数据处理完成后,有时需要将数据存储在数据库中。大数据技术为此提供了很多备选方案。最常见的备选方案是使用 Hadoop 文件系统进行存储,它为用户提供了 HIVE 查询语言这个版本的 SQL。从用户角度来看,这允许大部分分析任务以与在传统 BI 数据仓库中完成任务类似的方式完成。其他可供考虑的存储选项包括 MongoDB、Redis 和 SPARK。
Once the data is processed, it sometimes needs to be stored in a database. Big data technologies offer plenty of alternatives regarding this point. The most common alternative is using the Hadoop File System for storage which provides users a limited version of SQL, known as HIVE Query Language. This allows most analytics tasks to be done in similar ways as would be done in traditional BI data warehouses, from the user perspective. Other storage options to be considered are MongoDB, Redis, and SPARK.
该周期的这个阶段与人力资源知识相关,即他们实施不同架构的能力。经过修改的传统数据仓库版本仍在大型应用中使用。例如,Teradata 和 IBM 提供的 SQL 数据库可以处理数 TB 的数据;PostgreSQL 和 MySQL 等开源解决方案仍然用于大型应用。
This stage of the cycle is related to the human resources knowledge in terms of their abilities to implement different architectures. Modified versions of traditional data warehouses are still being used in large-scale applications. For example, Teradata and IBM offer SQL databases that can handle terabytes of data; open-source solutions such as PostgreSQL and MySQL are still being used for large-scale applications.
即使不同的存储在后台的工作方式在实现上有所不同,但从客户端来看,大部分解决方案都提供了 SQL API。因此,对 SQL 有深入的理解对于大数据分析来说仍然是一项关键技能。这个阶段表面上似乎是最重要的主题,但在实践中并不是这样。它甚至不是一个必要阶段。可以实现一个使用实时数据的大数据解决方案,因此在这种情况下,我们只需要收集数据来开发模型,然后实时实施它。因此,根本不需要正式存储数据。
Even though there are differences in how the different storages work in the background, from the client side, most solutions provide an SQL API. Hence having a good understanding of SQL is still a key skill to have for big data analytics. This stage a priori seems to be the most important topic, in practice, this is not true. It is not even an essential stage. It is possible to implement a big data solution that would work with real-time data, so in this case, we only need to gather data to develop the model and then implement it in real-time. So there would not be a need to formally store the data at all.
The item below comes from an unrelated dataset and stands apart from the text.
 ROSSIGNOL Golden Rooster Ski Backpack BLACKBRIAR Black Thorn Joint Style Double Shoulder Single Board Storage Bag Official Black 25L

一旦以可以从中检索见解的方式清理和存储数据,那么数据探索阶段就必不可少了。此阶段的目标是了解数据,这通常是通过统计技术以及绘制数据图来完成的。这是一个评估问题定义是否有意义或是否可行的良好阶段。
Once the data has been cleaned and stored in a way that insights can be retrieved from it, the data exploration phase is mandatory. The objective of this stage is to understand the data, this is normally done with statistical techniques and also plotting the data. This is a good stage to evaluate whether the problem definition makes sense or is feasible.
此阶段涉及对之前检索的已清理数据进行重新整形并使用统计预处理进行缺失值插补、异常值检测、规范化、特征提取和特征选择。
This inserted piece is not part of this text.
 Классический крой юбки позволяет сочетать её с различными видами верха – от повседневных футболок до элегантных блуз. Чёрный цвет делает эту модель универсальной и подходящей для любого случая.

This stage involves reshaping the cleaned data retrieved previously and using statistical preprocessing for missing values imputation, outlier detection, normalization, feature extraction and feature selection.
前面的阶段应该为训练和测试(例如预测模型)生成了多个数据集。在这个阶段,需要尝试不同的模型并期待解决手头的业务问题。在实践中,通常希望该模型能够提供一些对业务的见解。最后,通过评估其在留出数据集上的性能,选择最佳模型或模型组合。
The prior stage should have produced several datasets for training and testing, for example, a predictive model. This stage involves trying different models and looking forward to solving the business problem at hand. In practice, it is normally desired that the model would give some insight into the business. Finally, the best model or combination of models is selected evaluating its performance on a left-out dataset.
在这个阶段,已开发的数据产品实施在公司的管道中。这涉及在数据产品运行时设置一个验证方案,以跟踪其性能。例如,在实施预测模型的情况下,此阶段会涉及将模型应用于新数据,并且一旦有了响应,就会评估模型。
In this stage, the data product developed is implemented in the data pipeline of the company. This involves setting up a validation scheme while the data product is working, to track its performance. For example, in the case of implementing a predictive model, this stage would involve applying the model to new data and once the response is available, evaluate the model.